Another reason I think it's okay for Community Notes to be conservative is that I don't think every misinformation tweet, or even most misinformation tweets, should receive a corrective note. Even though less than one percent of misinformation tweets receive annotations that provide context or correction, Community Notes still provides an extremely valuable service as an educational tool. The goal is not to correct everything; rather, the goal is to remind people that there are multiple viewpoints, that some posts that seem convincing and engaging in isolation are actually quite wrong, and that you, yes, you can usually do basic internet Search to verify it is wrong.
Community Notes cannot be, nor is it intended to be, a panacea for all problems in public epistemology.

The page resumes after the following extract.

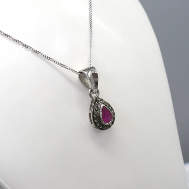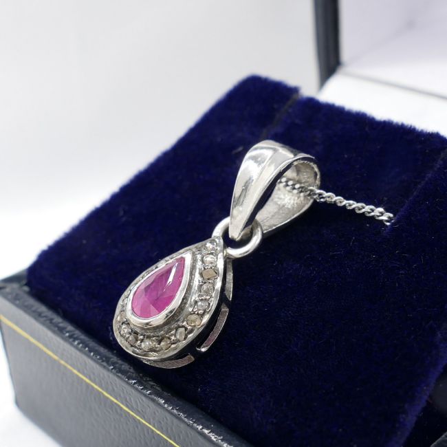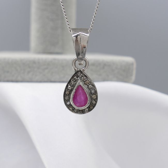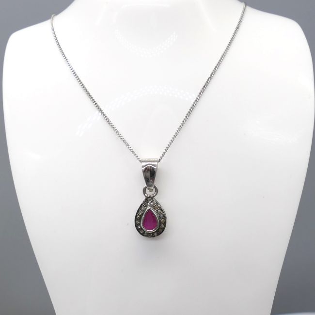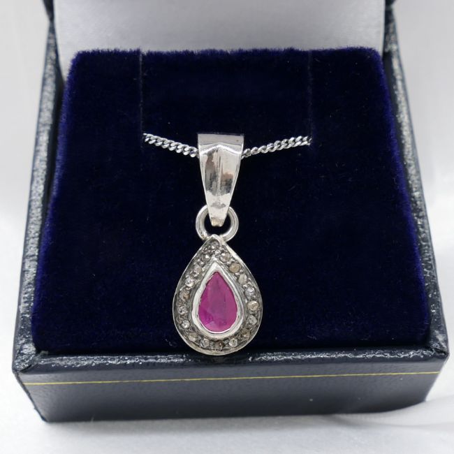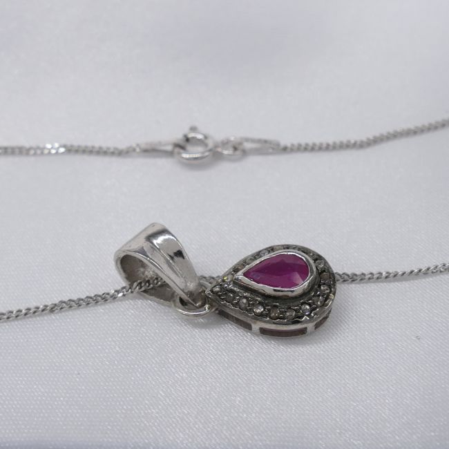 Ruby: natural; pear shaped; 0.28ct approx; red. Diamonds: natural; rose-cut; 0.15ct total approx. Pendant measurements: 10 x 8mm. Chain: 45cm long; bolt ring clasp. With gift box Necklace weight: 3.1g. Necklace metal: sterling silver
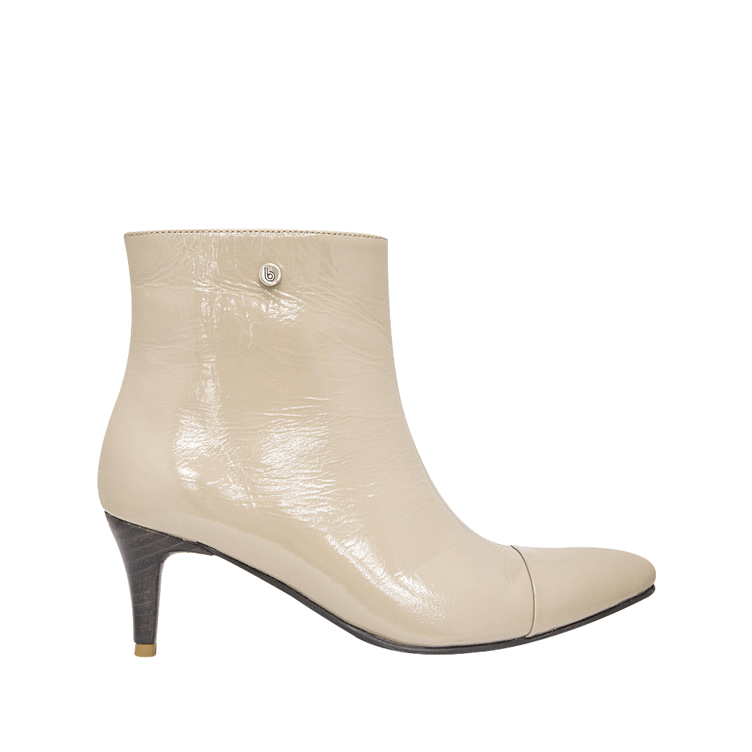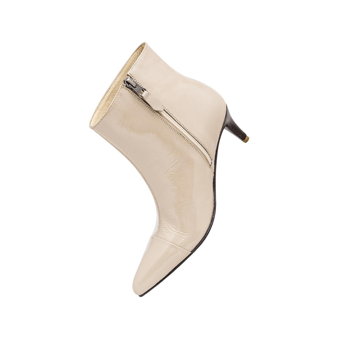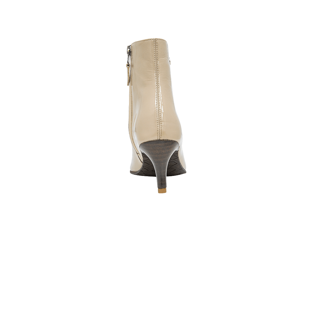 ¡Versátiles y llenas de estilo! • Botín para mujer en cuero liso color moca • Acabado en punta • Cierre lateral con cremallera • Tacón aguja forrado en madera • Hecho a mano en Colombia.

Whatever problems it doesn’t solve, there’s plenty of room for other mechanisms to fill it, whether it’s a newfangled gadget like a prediction market or an established organization employing full-time employees with domain expertise that can try to fill the gaps.
in conclusion
Community Notes is not only a fascinating social media experiment, but also an example of a fascinating emerging type of mechanism design: mechanisms that consciously seek to identify extremes and tend to promote boundary crossing rather than perpetuate divisions.
Two other examples in this category that I'm aware of are: (i) the pairwise secondary funding mechanism used in Gitcoin Grants, and (ii) Polis, a discussion tool that uses clustering algorithms to help the community identify common Popular statements span people who often have different views. This area of ​​mechanism design is valuable, and I hope we see more academic work in this area.
The algorithmic transparency provided by Community Notes isn't exactly the same as fully decentralized social media - if you don't agree with the way Community Notes works, there's no way to view the same content through a different algorithm. But this is the closest that hyperscale applications will get in the next few years, and we can see that it already provides a lot of value, both in preventing centralized manipulation and ensuring that platforms that do not engage in such manipulation get their due. recognized.
I look forward to seeing Community Notes and many similar-spirited algorithms develop and grow over the next decade.